Now is the time for Whitehorse residents to begin gathering up those empty propane cylinders, expired bear spray canisters and other hazardous waste around the house or garage as the City of Whitehorse and Yukon government get set for the next Household Hazardous Waste day at the landfill from 10 a.m. to 5 p.m. on Sept. 10.
The two governments host a couple of household hazardous waste events each year – typically in the spring and fall – allowing residents to bring their hazardous waste to the Whitehorse landfill off the Alaska Highway south of the Porter Creek neighbourhood.

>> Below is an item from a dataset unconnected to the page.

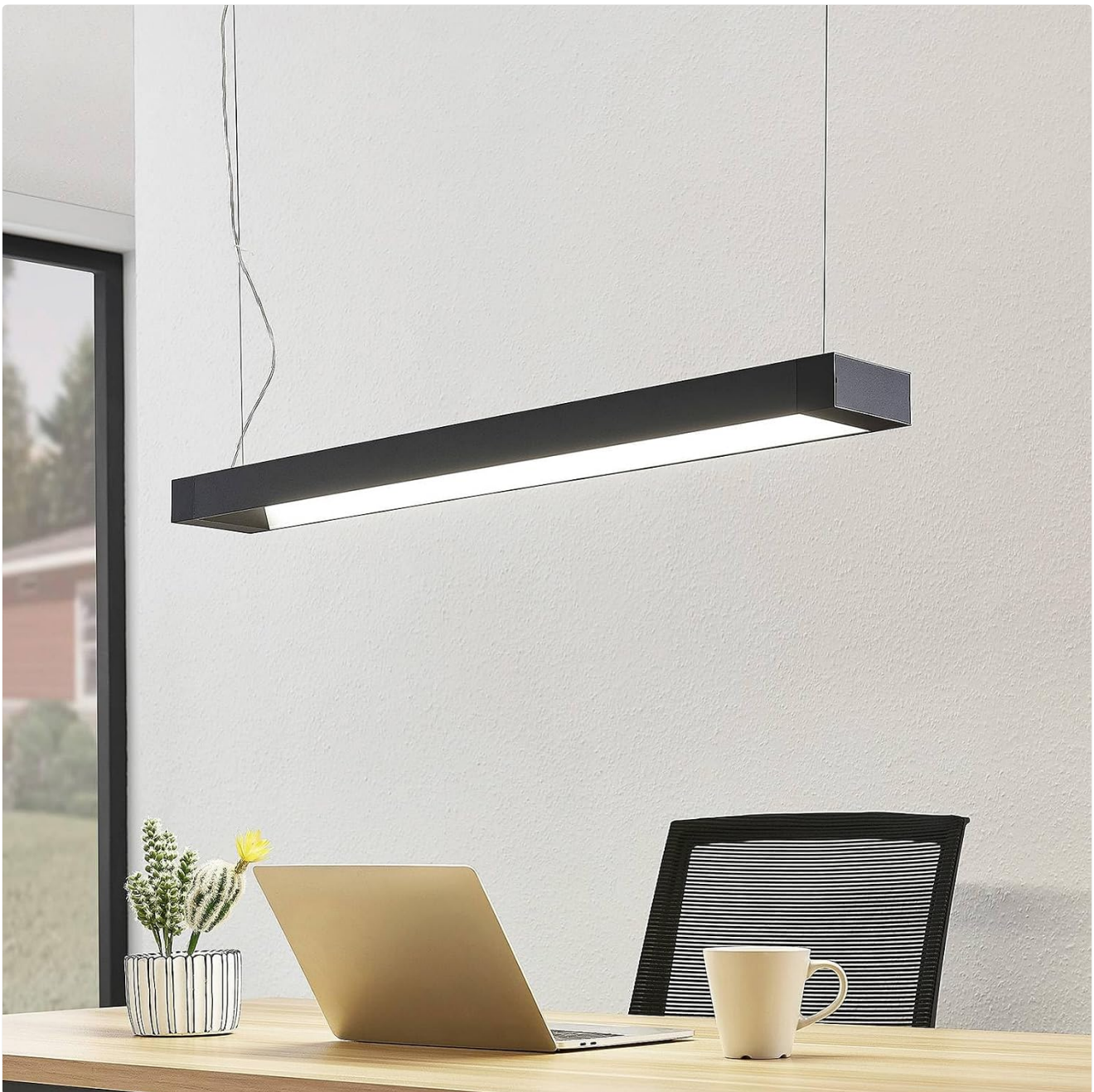
Image 1.1: Arcchio Cuna LED Pendant Light in an office environment.

As the city states on its website: “Proper disposal is important to ensure these materials don’t end up polluting the air we breath or the water we drink. You wouldn’t pour these items onto the ground, so why put them in your garbage? Placing these items into the (general waste) landfill has the potential to cause harmful effects to human and environmental health.”

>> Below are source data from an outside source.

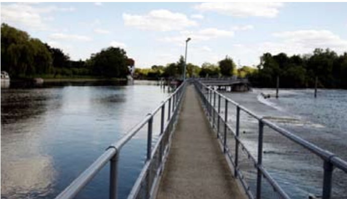
Hambledon Weir, UK
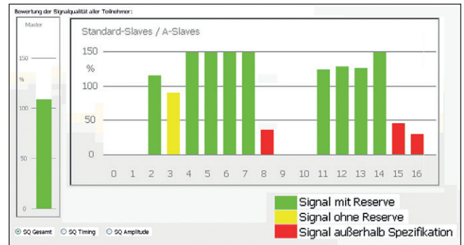
Evaluation of the signal quality for all devices
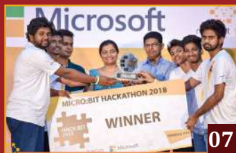
Win Hack: Bit 2018
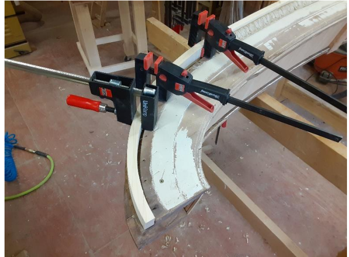
Hallway Arch being restored
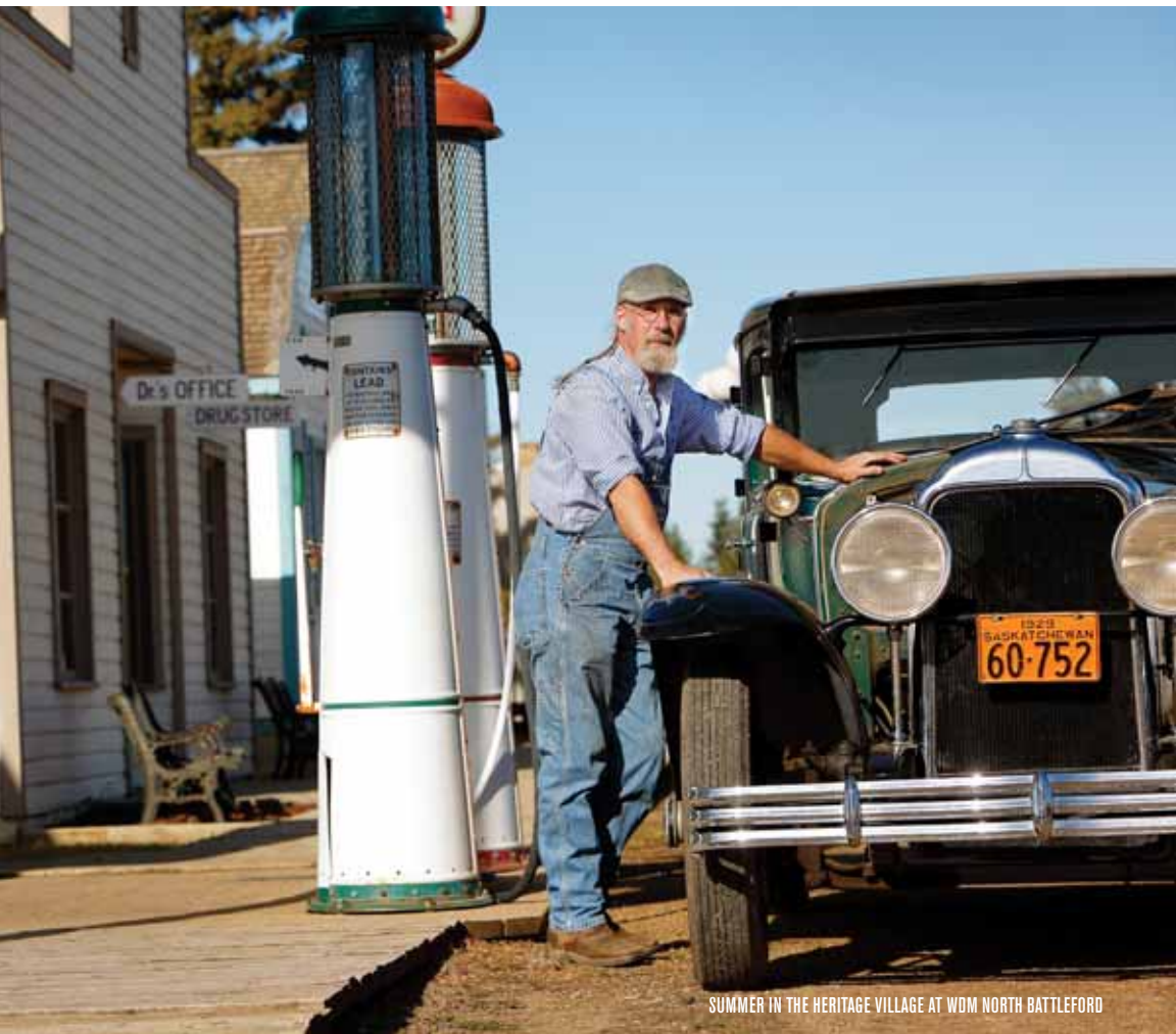
SUMMER IN THE HERITAGE VILLAGE AT WDM NORTH BATTLEFORD

NEWSLETTER OF THE WESTERN DEVELOPMENT MUSEUM
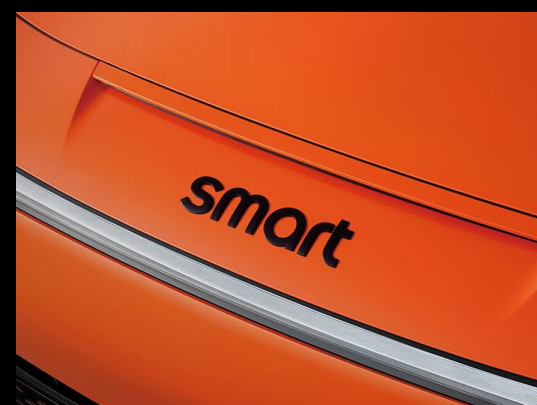
Sporty front hood with glossy black logo

The household hazardous waste can be taken to the landfill on specified days – Sept. 10 in this case – where the waste will be collected and disposed of properly.
Among the items labelled as household hazardous waste are aerosols and empty aerosol containers, antifreeze and brake fluid, cleaning chemicals, fluorescent light bulbs, fluorescent light ballasts manufactured before 1980, gasoline, propane, solvents and waste oil, herbicides and pesticides, alkaline and rechargeable batteries, vehicle batteries, stains and oil paint products, and other products labeled as corrosive, toxic, reactive, explosive, oxidizing, poisonous, infectious or flammable.
Those planning to bring their hazardous waste up to the landfill for household hazardous waste day are reminded not to transport fluid in open buckets or to mix fluids; to tape the end of rechargeable batteries per transportation safety regulations, not to break fluorescent bulbs; to keep items in original packaging so its easily identifiable; and make sure paint thinners, stains and cleaners are disposed of as hazardous waste.
Latex paint cans can be left open, dried and disposed of with regular garbage waste.